I created this creamy avocado sauce a few years ago in search for the perfect, rich and flavorful sauce for pan-seared salmon. After *many* failed attempts, I was finally able to come up with the perfect light, yet flavorful sauce we just can’t seem to get enough of. And I’ll be honest most of the throw-away ideas really sucked.
So this salmon recipe has become so popular that I think it’s time to share avocado sauce as it’s own thing. While it’s delicious paired with salmon, I’d imagine it would be great with just about anything.
Creamy avocado sauce is a magical sauce made with avocado, fresh basil, olive oil, cream, garlic, lemon juice, salt and pepper. The avocado adds a fresh taste and creamy texture, while the basil, lemon, and garlic pack the sauce with so much flavor.
I’ve tried avocado sauce with pasta and it’s REALLY good—it’s like a thicker, richer pesto. A few simple ideas off the top of my head: creamy salad dressing (if you add more cream or oil to thin it out), a dip for baked sweet potatoes wedges or chips, or a creamy topping for fish tacos.
I think you get the picture, the sky is the limit—in fact, I’d be really curious to learn what you fine folks come up with.

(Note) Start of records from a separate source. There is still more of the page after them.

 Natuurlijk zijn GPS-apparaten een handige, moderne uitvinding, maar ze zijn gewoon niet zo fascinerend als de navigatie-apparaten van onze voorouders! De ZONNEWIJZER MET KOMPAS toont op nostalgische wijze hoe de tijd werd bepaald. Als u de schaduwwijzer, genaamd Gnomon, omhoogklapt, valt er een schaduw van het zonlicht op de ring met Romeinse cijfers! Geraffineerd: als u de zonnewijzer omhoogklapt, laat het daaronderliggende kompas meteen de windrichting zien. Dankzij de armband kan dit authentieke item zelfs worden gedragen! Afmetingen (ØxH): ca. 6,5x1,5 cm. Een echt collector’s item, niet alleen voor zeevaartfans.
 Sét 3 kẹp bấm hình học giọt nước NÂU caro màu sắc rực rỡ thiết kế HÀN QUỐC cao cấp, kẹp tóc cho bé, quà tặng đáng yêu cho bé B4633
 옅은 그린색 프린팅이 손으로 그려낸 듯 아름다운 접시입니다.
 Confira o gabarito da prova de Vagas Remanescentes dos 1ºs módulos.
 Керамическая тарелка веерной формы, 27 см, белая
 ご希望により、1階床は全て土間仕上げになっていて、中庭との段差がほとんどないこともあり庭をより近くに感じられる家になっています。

How to Make Creamy Avocado Sauce
Combine all ingredients in a blender and blend until smooth. Sometimes you need to add a little extra cream or a splash of water or more olive oil to get the consistency just right. It can be thicker for pasta, but probably best thinner for tacos or fish.

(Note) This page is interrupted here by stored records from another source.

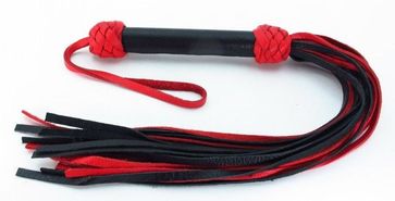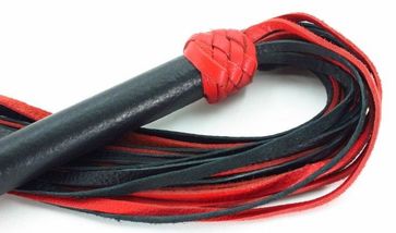 Плеть выполнена из натуральной кожи черного и красного цветов. Гладкая ручка декорирована по краям кожаным плетением. Мягкие хвосты плети доставят незабываемое впечатление. Количество хвостов - 20 штук. Для удобства на рукоятке имеется петелька . Аксессуар позволяет в полной мере насладиться сексом в стиле БДСМ. Длина рукояти - 17 см. None
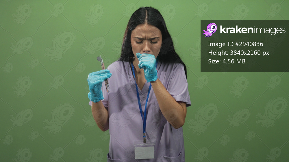 Young woman dentist holding dental mirror, gloved hand to mouth in studio, hand on cheek toothache; concern urgency.
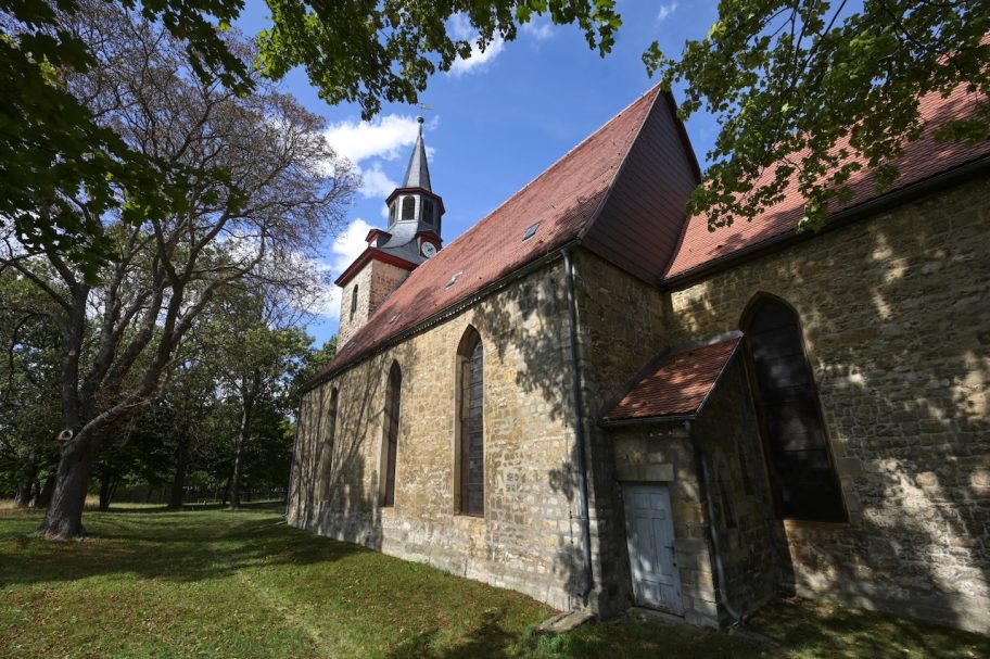 Die romanische Dorfkirche bei Köthen aus dem 12. Jahrhundert gilt als älteste Kirche der Region. Sie ist auf kreuzförmigem Grundriss aus Bruchstein errichtet und besteht aus Schiff, Querhaus, Chor und Apsis. Ungewöhnlich ist der quadratische Vierungsturm mit Satteldach über der Kreuzung von Langhaus und Querhaus.
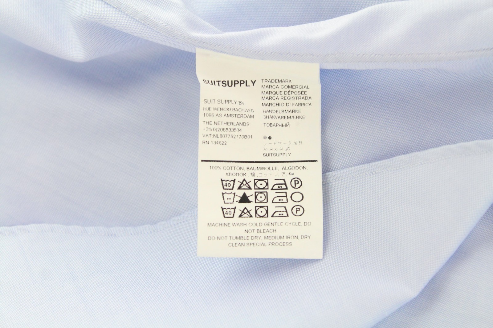 как выглядит SUITSUPPLY Mens Formal Shirt 45/17.75 Blue Cotton Extra Slim Cutaway Collared фото
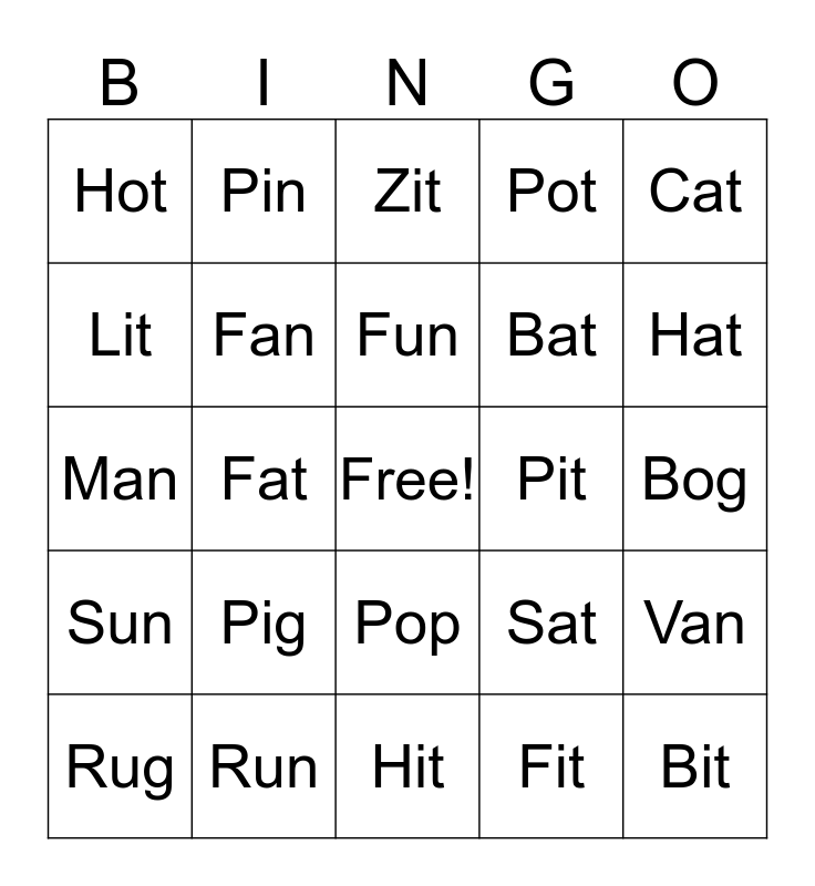 This bingo card has a free space and 24 words: Pig, Run, Fun, Rug, Cat, Hot, Lit, Pin, Pit, Pop, Bat, Man, Sat, Van, Fan, Fit, Bog, Zit, Hat, Fat, Bit, Sun, Pot and Hit.
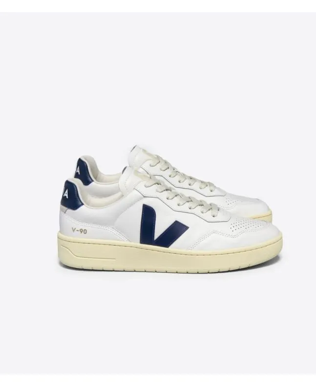Zapatillas Veja V-90 Leather en color blanco y azul marino Unisex | White Nautico
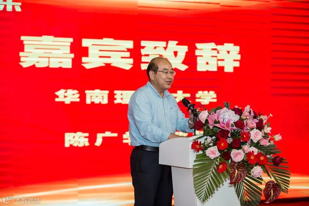 华南理工大学陈广学教授致辞,他表示研发中心的成立对于传统印刷包装企业的技术创新和战略升级极其重要,利用智能包装赋予产品更高的价值和功能是包装行业适应社会发展的必经之路。
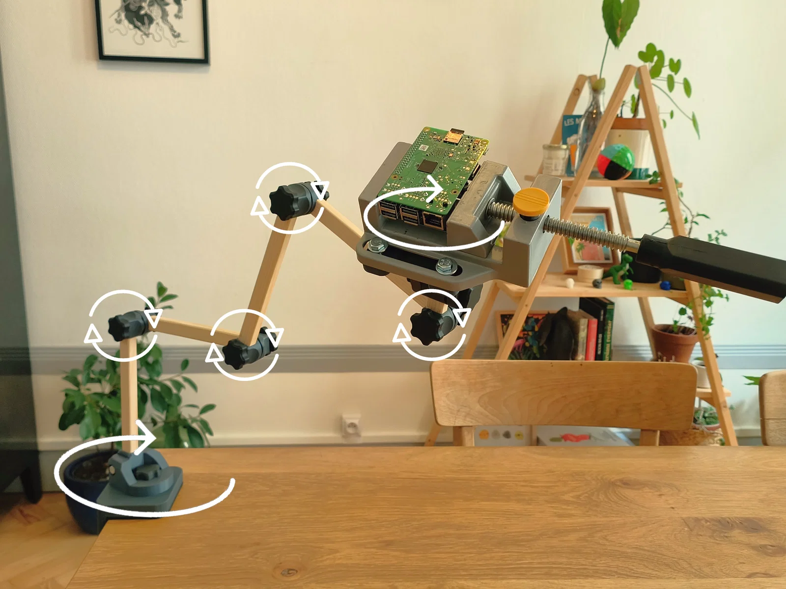 Cái tay gồm 4 hướng xoay khác nhau, mỗi khớp đều dùng cùng nguyên lý TPU/PLA. Bạn có: xoay ngang 360° cho phần đế, xoay dọc toàn phần cho từng đoạn tay, xoay 240° ở đầu tay, và kết hợp thêm xoay 360° cho plate gắn dụng cụ.
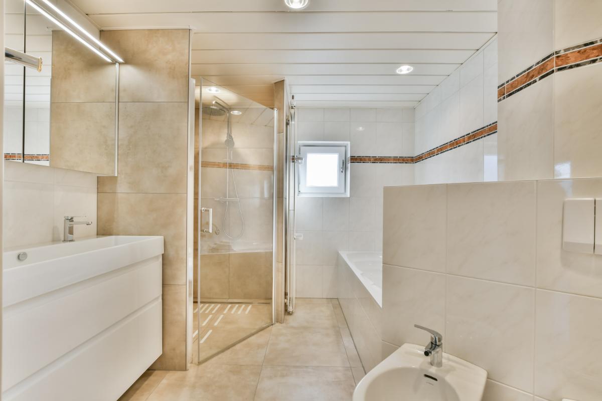 The first floor is accessible via a fixed staircase, clad in leather/laminate, with stair lighting. This floor has three bedrooms and a spacious bathroom. The width of the house also gives the upper floors a spacious feel. The two bedrooms at the rear feature Velux skylights. The bedroom at the front has wardrobes with sliding doors. The entire floor, with the exception of the bathroom, is fitted with laminate flooring. The spacious bathroom features modern tiling up to the ceiling and is equipped with a designer radiator, a bathtub, a walk-in shower, a wall-mounted toilet, a bidet, a double washbasin with vanity unit, and a window providing daylight and natural ventilation.
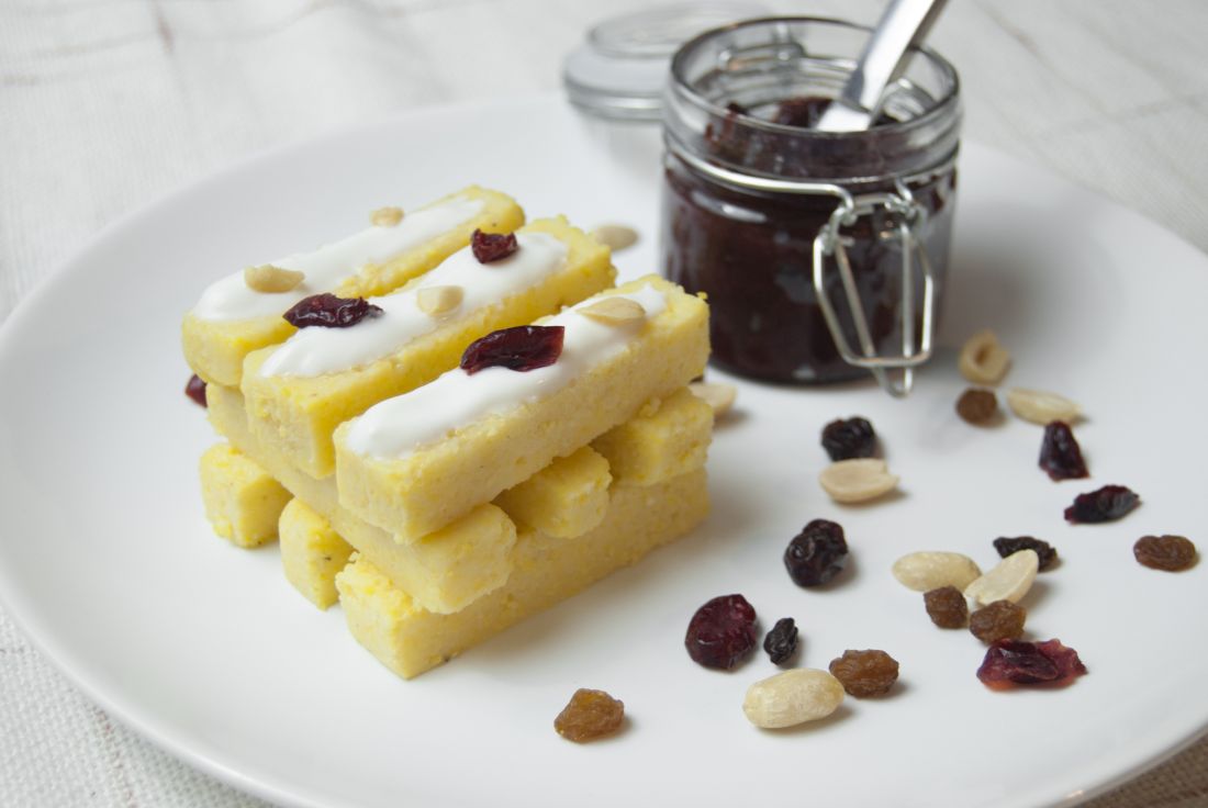 polenta na słodko z serkiem waniliowym, dżemem i bakaliami

Don’t have a blender? A Ninja single serve or NutriBullet works too.Print
- 1 ripe avocado, halved, seeded and peeled
- 1/4 cup fresh basil leaves
- 1 clove garlic
- half a lemon, juice squeezed
- 1/4 cup olive oil
- 1/4 cup light cream or half & half
- salt and pepper to taste
- Combine all ingredients in a food processor or blender. Blend until smooth and creamy. Add more cream or olive oil (or both) to make the sauce thinner as desired.